Camera flashes flood a scene with light to get better details in low-light conditions, but what if the flash light used was invisible? Or more accurately, what if instead of using visible light, the flash used light from the invisible parts of the spectrum?


You might wonder, how can an image be captured using light that isn't even visible? What's the point if you cant see the photo that results!




Their "Dark Flash" technology uses a flash bulb which filters out visible light, and photographs the scene using UV and Infrared light. Also the filters which block the same radiation form the cameras CMOS have removed. This is like taking a photograph with a blue bulb or a red bulb (actually both). The result is that they are able to capture the details of the scene without using a traditional flash.


However the image captured using just IR and UV is not enough. It's a monochrome version which captures the details but does not capture the color. To make the image a true color photograph, the camera is required to capture another picture immediately after the first one with the flash. The second picture photographs the scene using only ambient light.
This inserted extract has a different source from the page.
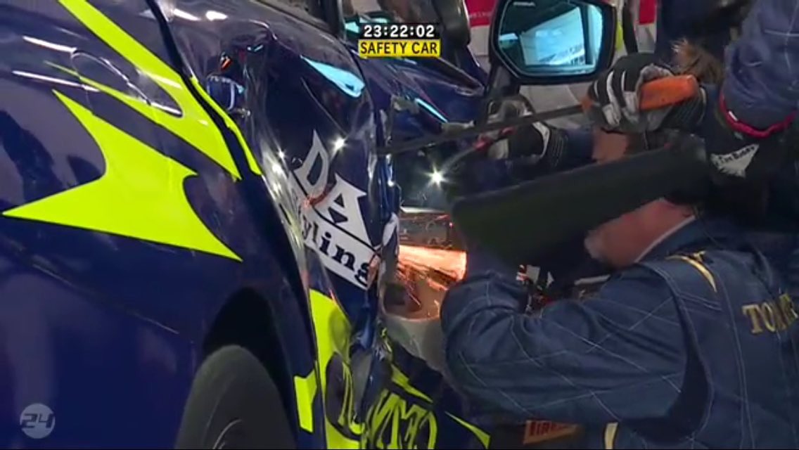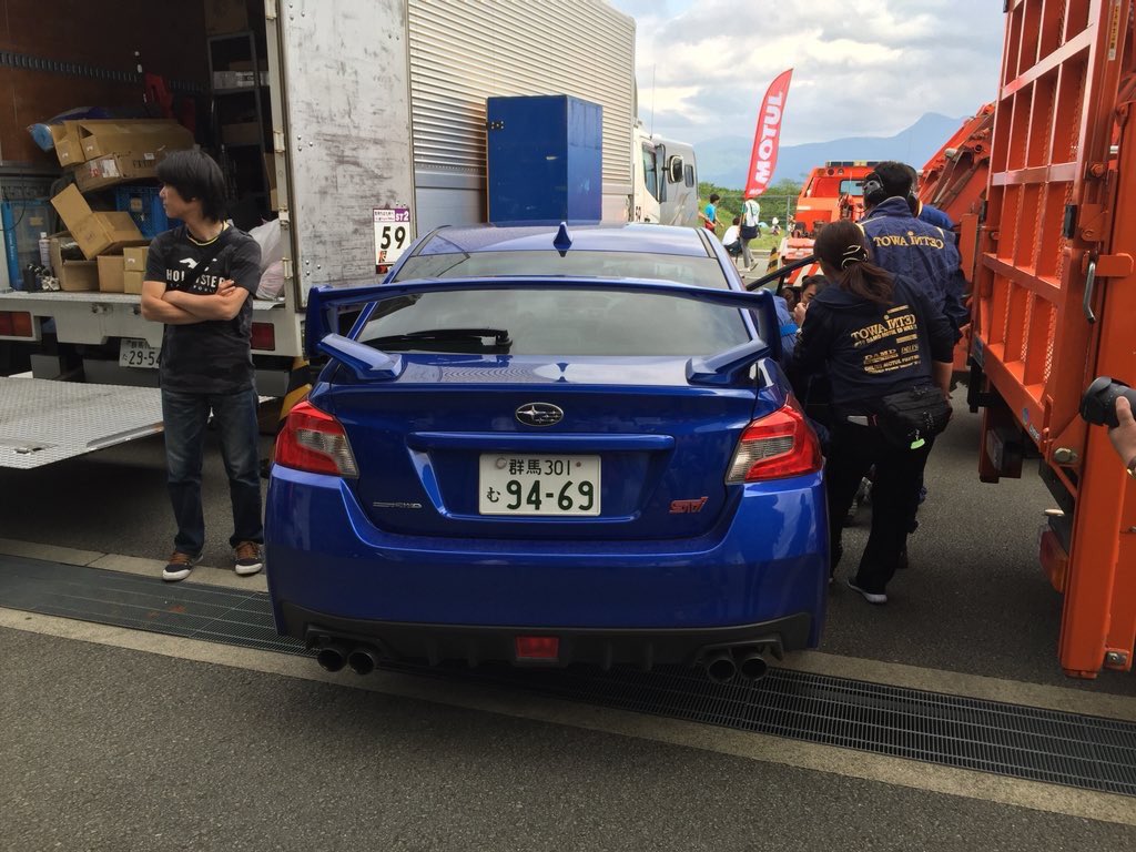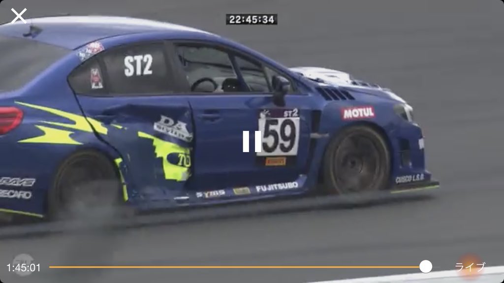 今日の富士の24時間耐久レース、WRX開幕早々アウディに追突されドライバー交代すらできないほど凹んでもう諦めモード
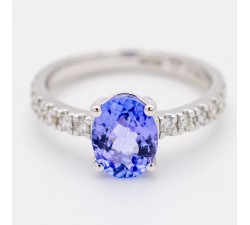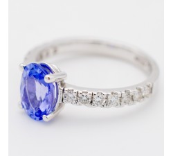 Anello in oro bianco 18Kt Tanzanite naturale taglio ovale per Ct.1,37 Diamanti naturali taglio brillante Ct.0,28 colore F purezza VS1 Corredato da...

Since the second picture is taken in the dark, it will be quite grainy, but the technique they have developed uses the color information from the second shot and combines this with the detail captured in the first image with the "dark flash" to get a composite image that looks awesome! The best thing about this technique that it uses technology already present in cameras, but with a little extra processing. As such one can expect such cameras not to cost a bomb when they come out.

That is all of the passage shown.